Within months, a flood of books and articles by ex-political prisoners hit the market. Most of these accounts were written in the Myanmar language, with one notable exception being Ma Thanegi’s book Nor Iron Bars a Cage, released earlier this year by San Francisco-based Things Asian Press.

Ma Thanegi is an artist and writer who, before her arrest in 1989, worked as a personal assistant to Daw Aung San Suu Kyi. But in the years following Ma Thanegi’s 1992 release from Yangon’s Insein Prison, she was accused by a particularly rabid element of the Myanmar exile community of being a “traitor” to the pro-democracy cause.

Among Ma Thanegi’s supposedly traitorous ideas was daring to realize earlier than most that Daw Suu Kyi was merely human and not an infallible demigod. The artist/writer also challenged the National League for Democracy’s unbending junta-era doctrine by suggesting that economic sanctions and tourism boycotts might not be doing much to uplift the country’s poor.

Ma Thanegi’s approach in Nor Iron Bars likewise would have irked certain political zealots of years gone by, who might have preferred their prison narratives to be jam-packed with titillating torture porn – whether fact or fiction – meant to showcase the malevolence of the military regime.

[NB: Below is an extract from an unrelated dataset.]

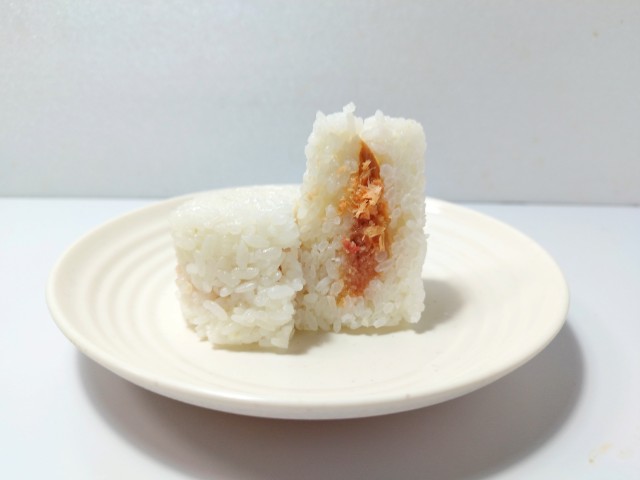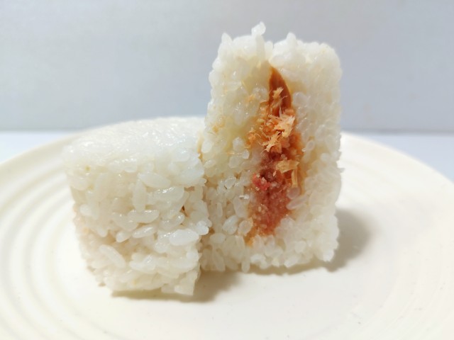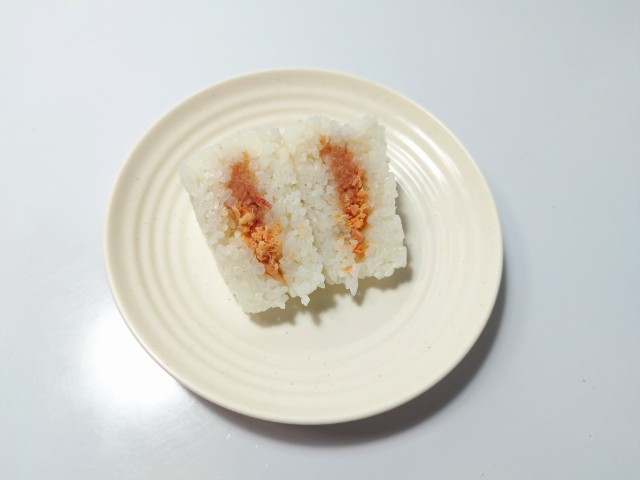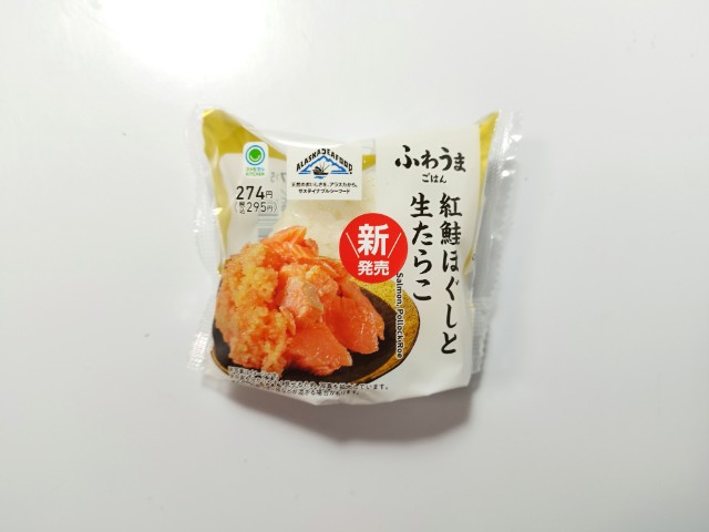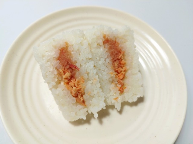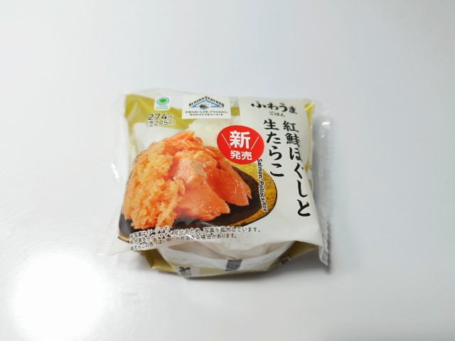 ファミリーマートの商品「紅鮭ほぐしと生たらこおむすび」を食べてみました。

Fortunately, Ma Thanegi does not indulge.

While she does dedicate some time in Nor Iron Bars to detailing the belligerent and psychologically taxing interrogation sessions she endured, and she also describes how some pro-democracy political prisoners and Burma Communist Party members were subject to occasional beatings, she shows little interest in exaggerating to fulfill popular notions of what life in Insein Prison was supposed to have been like.

There are some readers who, even now, are bound to feel let down by the dearth of over-the-top brutality aimed at the women who spent time in jail following the 8-8-88 uprising. As Ma Thanegi complains in the Foreword, “What disgusts me is the number of people I have met who were actually disappointed or upset that we weren’t raped by the male guards.”

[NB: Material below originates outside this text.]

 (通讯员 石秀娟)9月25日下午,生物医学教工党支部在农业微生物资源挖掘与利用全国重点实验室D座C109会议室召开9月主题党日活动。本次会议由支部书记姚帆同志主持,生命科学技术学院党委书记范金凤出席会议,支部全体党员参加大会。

Instead, the book focuses on day-to-day life in the jail, in particular the “steady, strong and warm friendships” that formed within the community of inmates, and their relations with the guards and prison administrators. The cast of characters includes accessories to murder, student political prisoners, parliamentarians elected in 1990 and never allowed to take office, prison guards both cranky and sympathetic, and young women repeatedly jailed for prostitution.

Of course, not everything was rosy in Insein Prison. There were, among other hardships, the grueling interrogation sessions, the sadistic lack of adequate healthcare, and acute feelings of boredom and depression with which to contend.

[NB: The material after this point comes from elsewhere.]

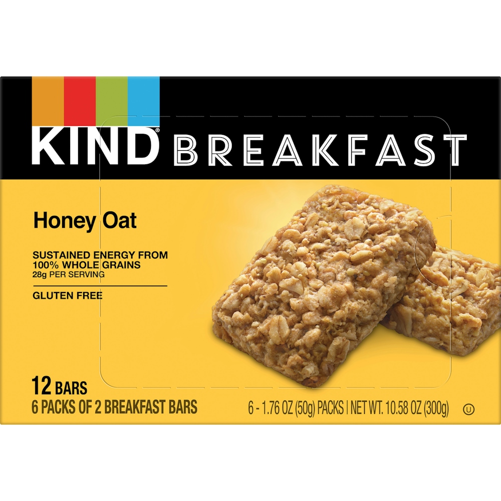 KIND Breakfast Honey Oat bars are a wholesome, healthy snack made with 100% whole grains for sustained energy. KIND Honey Oat breakfast bars are made with five super grains—oats, buckwheat, millet, amaranth and quinoa—and baked with a touch of honey for a chewy, soft baked addition to your breakfast. These KIND bars come in individually wrapped two bar packs that are perfect for convenient, on-the-go gluten free snacks. Each two bar pack has at least one full serving of whole grains. KIND Breakfast bars help provide sustained energy whether you need a nutritious snack for your lunchbox or nutrition bars to grab on your way out the door. Made with quality, wholesome ingredients, these gluten free breakfast bars contain 28 grams of whole grains per serving and 0 grams of trans fat. These healthy snacks are also dairy free and made without genetically engineered ingredients.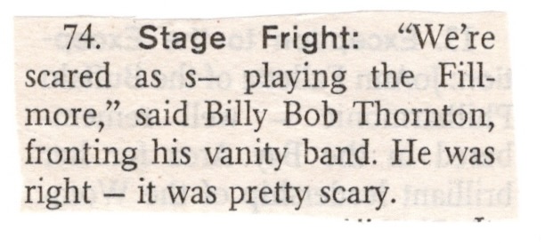 Opening that night was Brian Henneman the frontman of The Bottle Rockets and former guitar tech for Uncle Tupelo, playing solo acoustic. His voice actually reminded me a little of Jack Black’s though obviously not as silly. Brian mentioned during his set that this was the second time he had been on that stage, once before opening for Kenny Wayne Shepherd there back in 1996, though I missed that one too. Unfortunately, in order to get all of Jay’s set, I had to tape over a few songs of Brian’s, though I got more than half of it intact. Like Jay, Brian also did an homage to a recently fallen hippie, Doug Sahm of the Sir Douglas Quintet, playing his song “Stoned Faces Don’t Lie”. He joked, “I hope I have the lyrics in the right order. If you feel like singing along, that’ll be really good… He was like my favorite musician in the whole world and The Fillmore was one of the reasons he wrote this song right here”. Coming originally from Texas, Doug and his band had joined the late 60’s, psychedelic rock scene in San Francisco joining fellow Texan transplants as Janis Joplin and Roky Erickson of the 13th Floor Elevators and there was at least one Sir Douglas Quintet poster in the poster room to prove it.

One of Ma Thanegi’s great themes as an author has always been food, and here she writes at length about the sub-par prison rations and the never-ending efforts by inmates to procure proper ingredients for adequate meals.

Despite the subject matter, there is simple beauty in these stories, a matter-of-fact frankness and sincerity that sometimes borders on the childlike, especially when the author writes about her affinity for cats, dogs, birds and butterflies. There are practical jokes, real-life ghost stories and recitals of verse composed entirely in the head of the poet.

The overall tone is one of resilient optimism in the face of deprivation. The prisoners quickly learned how to improvise in an environment designed to quell creative thought, and discovered in their own ways how to find small bits of happiness in the dark corners of a setting meant to destroy all enjoyment.

Structurally, Nor Iron Bars reads more like a collection of anecdotes than a coherent narrative. There is little in the way of plot to pull readers through the book, but the stories and character profiles are united by the overarching theme, which is clearly expressed in the book’s most oft-quoted sentence, “We were supposed to be miserable, and we were damned if we’d oblige.”

You might not plow straight through the book without interruption – I finished two other novels in the same period that I read Nor Iron Bars – but like a collection of poetry, it will pull you back again and again for its inspirational tales of rebellious joy and optimism.